Mathematics • Year 10 • Unit 1 • Lesson 8
Index Laws, Multiplication and Division
Build fluency with the two basic index laws from Lesson 8: aᵐ × aⁿ = aᵐ⁺ⁿ (same base, add indices) and aᵐ ÷ aⁿ = aᵐ⁻ⁿ (same base, subtract indices). One step at a time, from a worked example through guided practice to independent problems.

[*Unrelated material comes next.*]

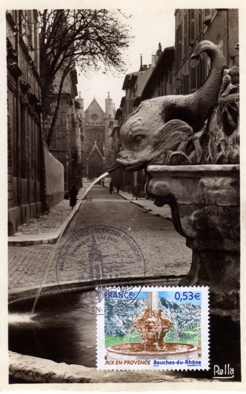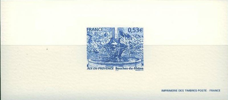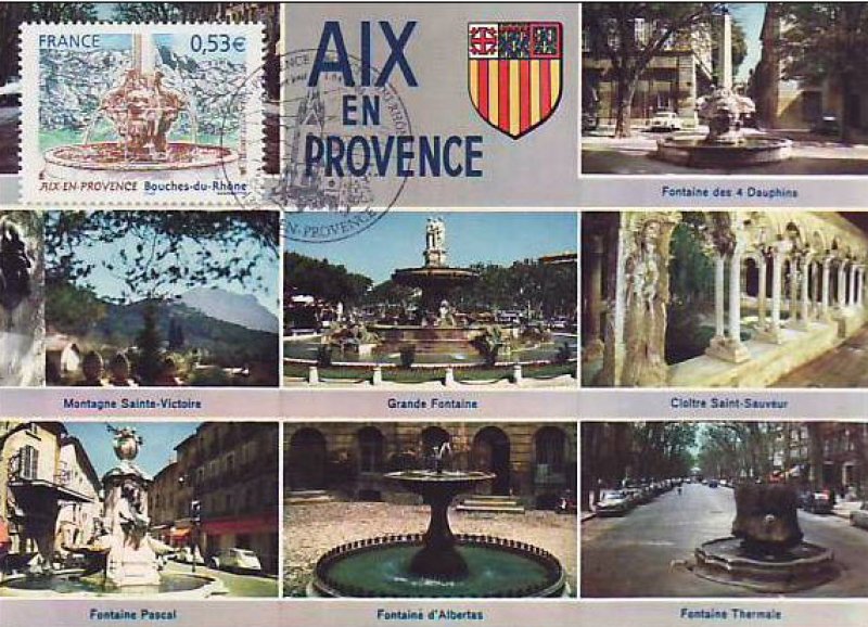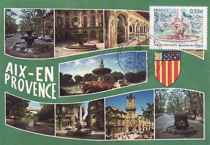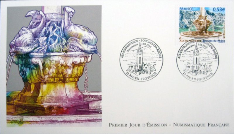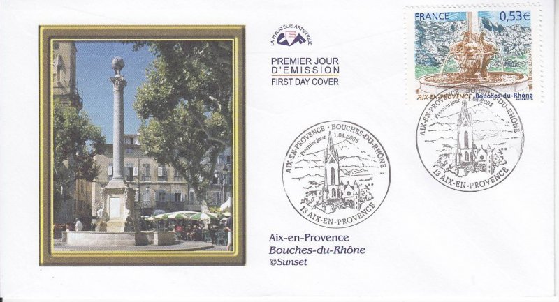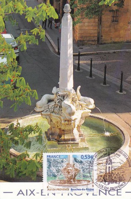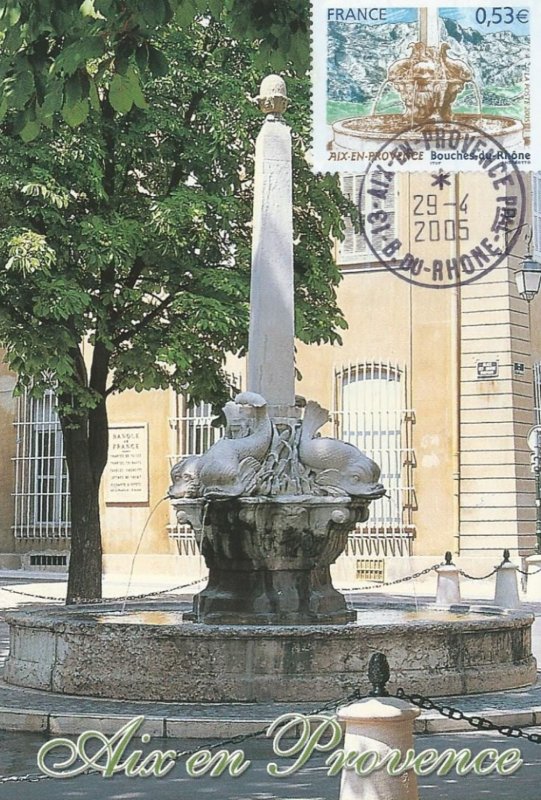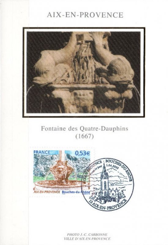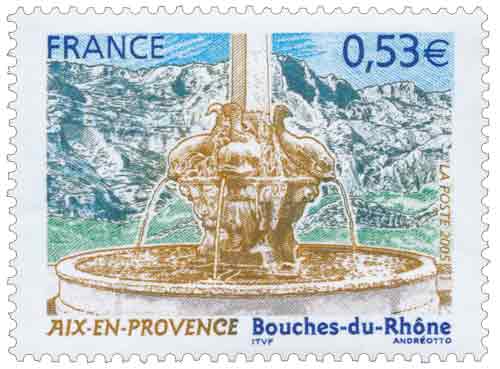 | Commentaire | Le salon philatélique de printemps se tiendra à Aix-en-Provence en 2005. Un timbre rendant hommage à cette ville est émis à cette occasion. Aix-en-Provence fut fondée en –122 (Aquae Sextiae - les « eaux de Sextius ») sur l’emplacement de ses sources thermales, devint colonie sous César, capitale de la Provence au Moyen Âge puis fut rattachée à la France à la fin du XVe siècle sous Louis XII. Elle bénéficie aujourd’hui d’une renommée culturelle et touristique internationale. L’eau qui fit sa richesse est mise à l’honneur sur le timbre par la représentation de l’une des nombreuses fontaines qui agrémentent la ville, la fontaine des Quatre-Dauphins, sculptée par Jean-Claude Rambot en 1667, la plus ancienne après la fontaine Espéluque. En fond la montagne Saint-Victoire. |

1. I do, fully worked example
Read every line. Each step has a short reason so you can see why, not just what.
Problem. Simplify 2x³ × 5x⁴. Leave your answer in index form.
Step 1, Separate numbers from pronumerals.
2x³ × 5x⁴ = (2 × 5) × (x³ × x⁴)
Reason: multiplication is commutative, we can rearrange to group like things together.
Step 2, Multiply the numerical coefficients.
2 × 5 = 10
Reason: just ordinary multiplication. Indices only apply to bases.
Step 3, Apply Index Law 1 to the same-base powers.
x³ × x⁴ = x³⁺⁴ = x⁷
Reason: aᵐ × aⁿ = aᵐ⁺ⁿ, same base x, so ADD the indices.
Step 4, Put it together.
2x³ × 5x⁴ = 10x⁷
Reason: write the coefficient out the front, then the simplified pronumeral.
Answer: 10x⁷.
2. We do, fill in the missing steps
Same structure as Section 1, but with the working faded. Fill in each blank. 4 marks
Problem. Simplify (12y⁹) ÷ (4y³).
Step 1, Split the coefficients and the pronumerals:
(12y⁹) ÷ (4y³) = (12 ÷ ____) × (y⁹ ÷ y____)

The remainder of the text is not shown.